North Korea has long protested joint military drills, which it condemns as preparations for invasion, and has set Washington an end-of-year deadline to come up with a new offer in deadlocked negotiations on its weapons programmes.
The US and South Korea last year cancelled several joint drills in the wake of the Singapore summit between President Donald Trump and the North’s leader Kim Jong-un, but were due to carry out a combined air exercise later this month.
The joint air drills will now be postponed, Esper said, days after hinting that the option was on the table.
“We have made this decision as an act of goodwill to contribute to an environment conducive to diplomacy and the advancement of peace,” he said on the sidelines of a meeting of defence ministers in Thailand’s capital.
He urged Pyongyang to return to negotiations and ‘demonstrate the same goodwill as it considers decisions on conducting training, exercises and testing’.

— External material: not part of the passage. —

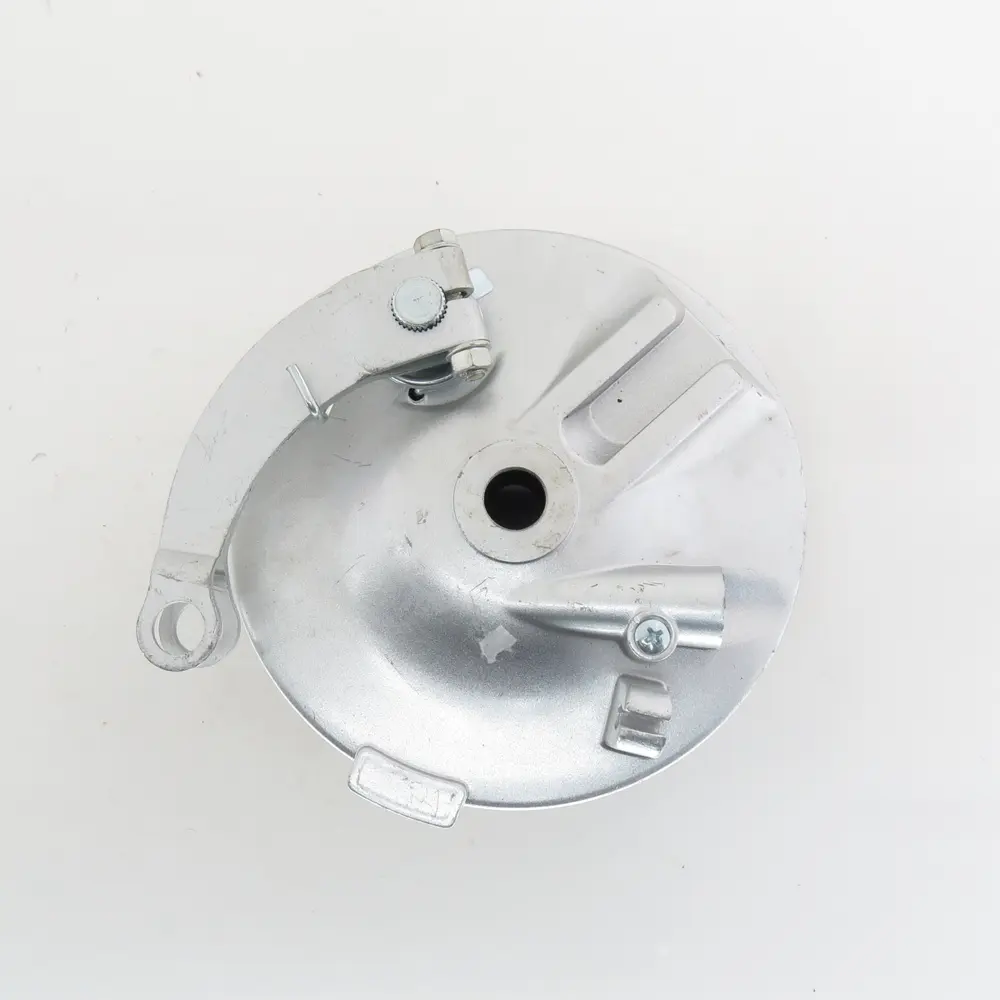 Кришка переднього колеса ZS125J, яку часто називають ступицею або маточиною барабанного гальма, є не просто захисним елементом. Вона слугує корпусом для всього гальмівного механізму, захищаючи його від бруду, води та інших зовнішніх факторів, які можуть негативно вплинути на роботу гальм. Водночас, вона є основою, до якої кріпляться гальмівні колодки, і забезпечує необхідний простір для їхньої взаємодії з внутрішньою поверхнею барабана. Виготовлена з міцного алюмінієвого сплаву, кришка забезпечує оптимальне відведення тепла, запобігаючи перегріву гальмівної системи під час інтенсивного використання. Це особливо важливо для підтримки стабільної гальмівної ефективності в тривалих поїздках або в умовах міського трафіку з частими зупинками.

Esper said the decision to delay the drills was not a concession but an effort to create ‘some more space’ for diplomats to strike an agreement.

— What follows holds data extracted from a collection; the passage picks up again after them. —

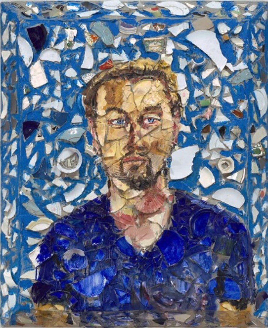 На портрете — разбросанные разбитые черепки керамической плитки и других материалов, некоторые выглядят гармонично, другие выглядят застывшими перед зрителем. Леонардо ДиКаприо находится перед этим хаотическим фоном, полностью раскрашенный.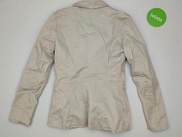 Damska marynarka F by C&A - Krój: krótka, taliowana, jednorzędowa - Kolor: jasny beż - Zapięcie: 4 guziki z przodu; na mankietach po 3 guziki - Kołnierz: z klapami - Kieszenie: 2 naszywane kieszen...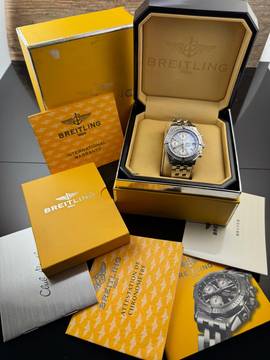 Lieferumfang: schwarze Breitling Bakelit Box mit Überkarton (sehr selten im guten Zustand) & Breitling Garantie Zertifikat aus ca. dem Jahr 2004, Chronometer Zertifikat, Gebrauchsanleitung, diverse Breitling Booklets und eine gelbe Unterlagenbox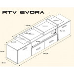 Szafka RTV: 48/194/39, z lewej i prawej strony klapy otwierane do dołu, na środku dwie szuflady i półka, fronty w wysokim połysku, szklany blat ( 8 mm szkło)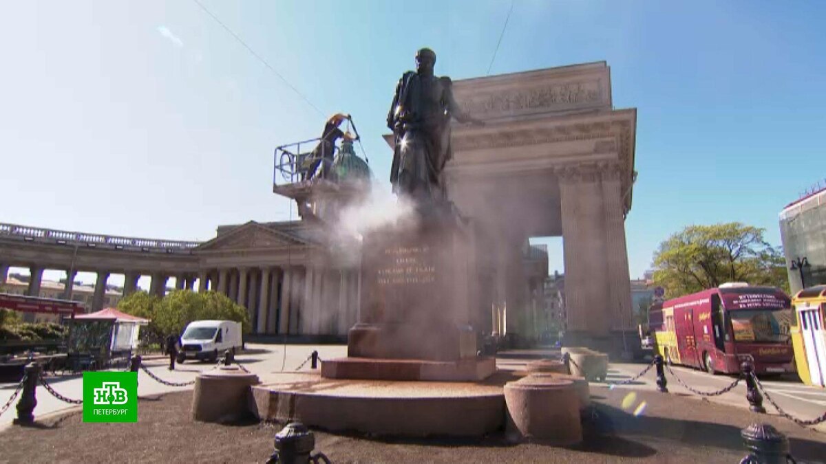 [ Смотреть видео на сайте НТВ ] В Петербурге стартовала ежегодная очистка памятников. Сегодня душ приняли монументы Барклаю де Толли и Михаилу Кутузову у Казанского собора. Бронзовые изваяния регулярно готовят ко Дню города. Этот процесс основательный и занимает от четырех до пяти часов. Памятники имеют выраженный рельеф и много труднодоступных мест. Павел Голубков, заведующий службой по текущему уходу и содержанию памятников Государственного музея городской скульптуры: «В процессе работ будут промыты сначала поверхности бронзовых скульптур с использованием пенного нейтрального моющего средства с последующим использованием установки высокого давления. И далее, когда памятники высохнут, будут непосредственно проведены работы по консервации поверхности бронзы с использованием синтетического воска». Перед началом очистки специалисты делают фотографии разных частей памятников, что позволяет оценить их состояние. Причем многие снимки делаются с высоты, ведь особо проблемные участки, на кото

His South Korean counterpart Jeong Kyeong-doo said there was no timetable for resuming the exercises.
“It will be a part of our ongoing consultation and we will decide through that close coordination between the two sides,” Jeong said.
Pyongyang has carried out a series of missile tests in recent months, including one launched at sea which it said was fired from a submarine - a potential strategic game-changer.
It has repeatedly demanded that the combined exercise is scrapped, and recently said holding the drills would be an ‘undisguised breach’ of the Singapore summit declaration.
Negotiations have stalled since the follow-up Hanoi summit between Kim and Trump broke up in February, with disagreement over sanctions relief and what the North would be willing to give up in return.